In the Cox proportional hazards model, education (Hazards ratio (HR)=1.01; 95% CI=0.98–1.03; p=0.616) and race (HR=0.99; 95% CI=0.75–1.30; p=0.917) had no significant effect on time to driving cessation. Women had a higher risk of driving cessation with time than men (HR=1.26; 95% CI=1.08–1.48; p=0.004). Older age in years was associated with faster time to driving cessation (HR=1.09; 95% CI=1.07–1.10; p<.0001). Examined categorically, when the analysis was repeated dichotomizing the age variable into younger (≤72 years) and older (>72 years) drivers, the older group stopped driving earlier (HR=2.53, 95% CI=2.14–2.99, p<.0001). Having driving problems due to poor thinking (HR=1.32; 95% CI=1.10–1.58; p=0.003), higher baseline CDR level (CDR 0.5 vs. 0: HR=3.84, 95% CI=3.16–4.66; CDR 1 vs. 0: HR=15.07, 95% CI=11.37–19.97; p<.0001), and greater numbers of APOE4 alleles (1 vs.0: HR=1.43, 95% CI=1.20–1.69; 2 vs. 0: HR=1.95, 95% CI=1.46–2.60; p<0.0001) were associated with a faster time to driving cessation.

3.2. Analyses with biomarkers

559 of the 1724 participants had CSF data available within six months of an annual clinical assessment date. That clinical assessment date was then considered to be the baseline assessment date in these analyses. Two Cox proportional hazards models were performed for the binary variables of tau/Aβ42 and ptau/Aβ42 separately and each adjusted for the covariates listed previously. In the Cox proportional hazards model testing the effect of tau/Aβ42, only the effect of the biomarker ratio (HR=2.04; 95% CI=1.28–3.22; p<0.003), age (HR=1.08; 95% CI=1.04–1.11; p<.0001), and CDR (CDR 0.5 vs. 0: HR=3.44, 95% CI=2.10–5.63; CDR 1 vs. 0: HR=5.80, 95% CI=2.59–12.99; p<0.001) had a significant effect on driving cessation.

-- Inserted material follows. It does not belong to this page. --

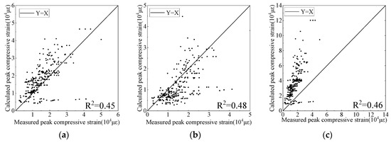 Table 4 summarises the evaluation indices (R2, MSE, MAPE, and IAE) of the predictive accuracy in the peak compressive strain of all the models. It can be observed from Table 4 that the predictive accuracy of the peak compressive strain is lower than that of the compressive strength for all the models. The regression coefficient of the Fardis model [17] with the highest predictive accuracy was only 0.48; it had a high dispersion and error.
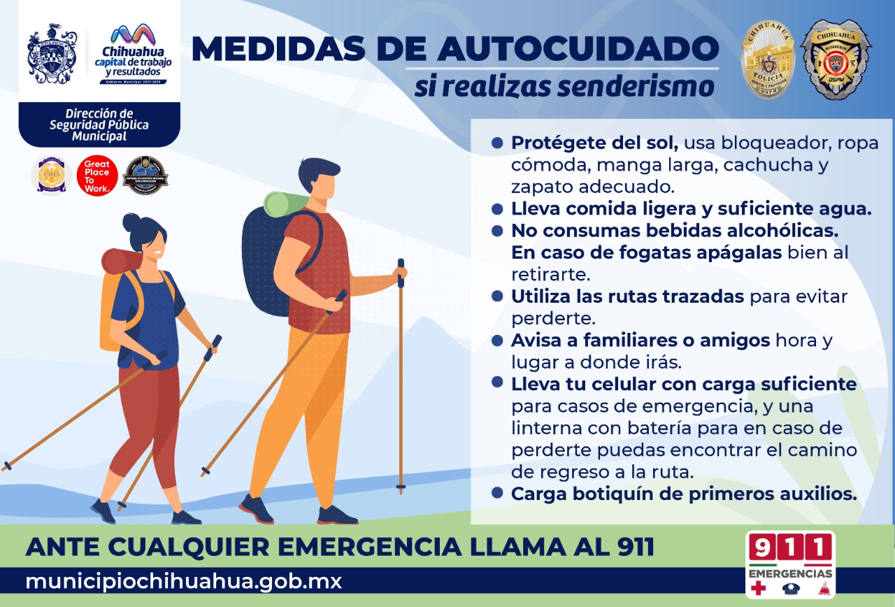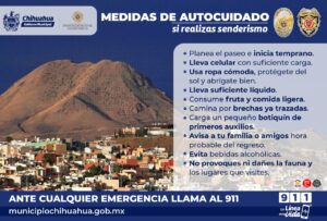 La Dirección de Seguridad Pública Municipal de Chihuahua, a través de la Subdirección de Bomberos y Rescate, recomienda a quienes gustan de realizar senderismo, caminar o escalar en cerros aledaños a la ciudad, extremar precauciones, debido al incremento de fauna silvestre, pues durante la temporada de lluvias suele incrementarse su presencia.

Similar results were found in the model that tested the effects of ptau/Aβ42, where the biomarker ratio (HR=2.48; 95% CI=1.59–3.86; p<0.001), age (HR=1.08; 95% CI=1.04–1.11; p<.0001) and CDR (CDR 0.5 vs. 0: HR=3.50, 95% CI=2.16–5.66; CDR 1 vs. 0: HR=5.56, 95% CI=2.45–12.60; p<0.001) were found to be significant. Figure 2 shows the Kaplan-Meier survival curves for each combination of biomarker status (positive or negative) and CDR score (0, 0.5, or 1) for tau/Aβ42 and ptau/Aβ42.

4. Discussion

This study sought to determine time to driving cessation as a function of dementia severity and CSF biomarker levels in a group of actively-driving, cognitively normal and mildly impaired older adults. We found that participants with very mild dementia (CDR 0.5) stopped driving at approximately three and a half times the rate per year as those who were CDR 0 at baseline. For those with mild dementia (CDR 1), cessation was over five times the rate per year compared to CDR 0. Additionally, we found that those with abnormal CSF biomarkers levels stopped driving at approximately twice the rate per year compared to those with normal CSF levels.

Although it is logical that those with a higher baseline CDR score would stop driving sooner, prior large studies examining cognitive impairment severity and driving cessation were either cross-sectional2527 or brief (five years or shorter).10, 28 One large study assessed cessation and cognition over a 10 year period.29 To our knowledge, there are no large studies that have examined driving cessation over a longer time period, nor have others examined relationships between AD biomarkers and driving cessation.

Drivers who were older or APOE4 positive stopped driving earlier. However, the effect of APOE4 was no longer significant when our model included biomarkers. Past research has shown that individuals who are APOE4 positive have more abnormal Aβ42.30 Therefore, APOE4 may have been significant in our earlier analyses because of its relationship to Aβ42 levels.

Somewhat surprisingly, education and race did not appear to play a role in time to driving cessation. Multiple studies have found that those who stopped driving were more likely to be non-white and less educated.3134 Our results suggest that other factors may drive these differences rather than simply education or race.

Interestingly, while gender did influence the timing of driving cessation in our first model, this effect was no longer significant when AD biomarker levels were added. Prior work has suggested that older adult women stop driving earlier than older adult men, both when cognitively normal and when affected by dementia.35 Even before they are experiencing dementia symptoms, women have been found to restrict their driving more often in the years leading up to a dementing illness.36 However, our analyses suggest that gender differences in driving cessation may be an artifact of differences in underlying pathology levels between our gender groups.

The current study has some limitations including a fairly homogeneous sample of research participants. The study participants are generally well-educated, with minority representation slightly lower than the greater St. Louis region. Furthermore, we do not have information on whether a doctor or family member forced cessation, and this would be a useful area of further study. Additionally, while the CDR score and biomarker levels are significant predictors of driving cessation, these tests are not currently available at all clinics and CSF biomarker collection is rarely covered by insurance. The use of biomarkers is nonetheless potentially useful in future designs of longitudinal, observational, and intervention studies of AD and driving.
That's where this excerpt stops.